恋する街 ―ジャンクフード―




神田良輔







 今日はかなり疲れた。主に気疲れだ。
 結婚式なんてばかげてるし面倒だ、とかそんなふうに思いながらも、出れば出ただけ気分も浮き立つものではあった。いろんな人と話することも出来たし、なにより結婚するのは先輩であって、俺は全然関係がない。おめでたい顔さえしていれば良いのだ。少なくとも、家でヒマを潰してるよりはよっぽど楽しかった。

 俺たちは駅のホームにいた。雨がまだ降っている。
「電車は、あとどれくらい?」
「すぐ来るよ」
 古崎は言った。披露宴で飲んだせいで、顔が赤い。
 今頃は二次会をやってるはずだった。一応誘われたが、会社の同僚とは別の友人たちが中心になっているようで、なんとなく断る雰囲気を感じたものだった。先輩と旦那さんは大学の頃のつきあいで共通の友人も多いのだ。断るべきだったろう。
 今頃は先輩もリラックスしてることだろう、と俺は思った。式の最中、先輩はがっちり化粧して、常に緊張しているように見えた。別にいつもと違ったことを言うわけでもないし、動きがぎこちなかったというわけでもないのだけど、それはよく伝わってきた。
「一回ですむ訳ないっしょ」
とか職場では言ってた。でもはしゃいで言ったということはわかる。彼女は元来は古風な女性なのだ。
「先輩すげえ緊張してたよな」
「そう?」古崎は応えた。「あんまりわかんなかった」
「ガチガチだったじゃん」
「だとしても、表にでなかったな」
「いや――泣かなかったろ?絶対泣いてみせるとこだったのに。それすっかり忘れてんだぜ。それ今度突っ込んどこ」
「そういやそうだな」古崎は笑った。「たしかに、チャンス逃してたね」
「そんなチャンス逃す人じゃないのにな」
 アナウンスがなった。みんながばらばらと停止線に集まる。ようやく電車が入ってきた。

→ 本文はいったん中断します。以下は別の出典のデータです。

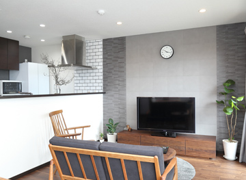 TV面のエコカラットはお部屋全体が暗くなりすぎないよう2色使いの配色です。

 電車の中は思っていたより混雑しるようだった。土曜日の19時代の電車はあまり乗ったことがないのだけど、もっと空いているものだと思っていた。スーツも学生も良く分からないのもたくさんいる。少しうんざりした。
 古崎は慣れているようだった。手に持った傘を閉じなおし、気後れせず電車に入りこむ。俺もしかたなく、後に続いて入っていった。

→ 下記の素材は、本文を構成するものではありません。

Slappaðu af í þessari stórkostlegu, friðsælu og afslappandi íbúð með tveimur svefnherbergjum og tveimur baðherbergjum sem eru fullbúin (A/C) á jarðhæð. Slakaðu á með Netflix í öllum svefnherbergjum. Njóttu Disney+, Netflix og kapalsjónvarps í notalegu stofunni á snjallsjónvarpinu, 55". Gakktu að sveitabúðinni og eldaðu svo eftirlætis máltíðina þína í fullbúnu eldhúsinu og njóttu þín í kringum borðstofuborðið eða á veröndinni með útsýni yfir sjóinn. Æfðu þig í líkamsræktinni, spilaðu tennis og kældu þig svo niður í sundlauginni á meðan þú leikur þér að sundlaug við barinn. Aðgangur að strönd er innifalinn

 でかい紙袋は持ってるだけで手に余った。引き出物はズレを狙った(だろうと思う)でかい絵皿で、鞄の中に収まるようなものではない。その上披露宴の写真だ折り詰めの和菓子だなんだといろんなものが入ってて、ものすごくかさばった。だいたい鞄なんて持ってこなくても良かったのだ。仕事しにいくわけではないのだから。俺は紙袋と鞄と傘を片手にすべてまとめて持ち、片手でつり革をつかんでなんとか身体を落ち着かせた。古崎の肩もすぐ鼻先にあった。彼の背はかなり高いのだ。
 身体をもぞもぞさせてると、電車は動き出した。
 通勤と同じように、ほとんど喋り声は聞こえない。静かだ。服が擦れ合う音だけ聞こえる。いつも思うのだけど、まるで乗客全員は無言で怒ってるように見える。俺自身もそうだからなのだろう。なにしろ雨は降ってるしがさがさと落ち着かないのだ。靴下だって水を吸ってる。うんざりする。

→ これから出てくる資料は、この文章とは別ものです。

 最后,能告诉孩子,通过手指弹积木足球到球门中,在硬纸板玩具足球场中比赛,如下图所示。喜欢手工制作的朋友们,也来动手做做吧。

 窓の外を眺めながら、ようやくひとつめの駅についた。乗車口のそばにいた数人がぱらぱらと降りた。その穴を埋めるように数人がすぐに乗り込み、再び電車が動き出すのを待った。扉が開いている分だけ、みなの息苦しさは増した。降りたいのに降りれないのだ。
「松井くん」
 古崎が言った。俺は顔をあげる。
「次で降りて飯食おうよ」
 古崎はそこで降りるのだ。
「いいね」
 俺は言った。



 俺たちは改札を出た。二駅動いただけではあったが、雨はほとんど気にならないほどになっていた。傘を広げずにすむ程度だ。
「何処に入る?」
 俺は言った。
「とにかくどこかで落ち着きたいな」
「俺の台詞だよ、お前の駅だろ……」
 いつも通過してるだけだったが、降りてみるとそこそこにぎやかな駅だった。マックもあるし、マツキヨもある。ロータリーにはわけのわからない銅像まであった。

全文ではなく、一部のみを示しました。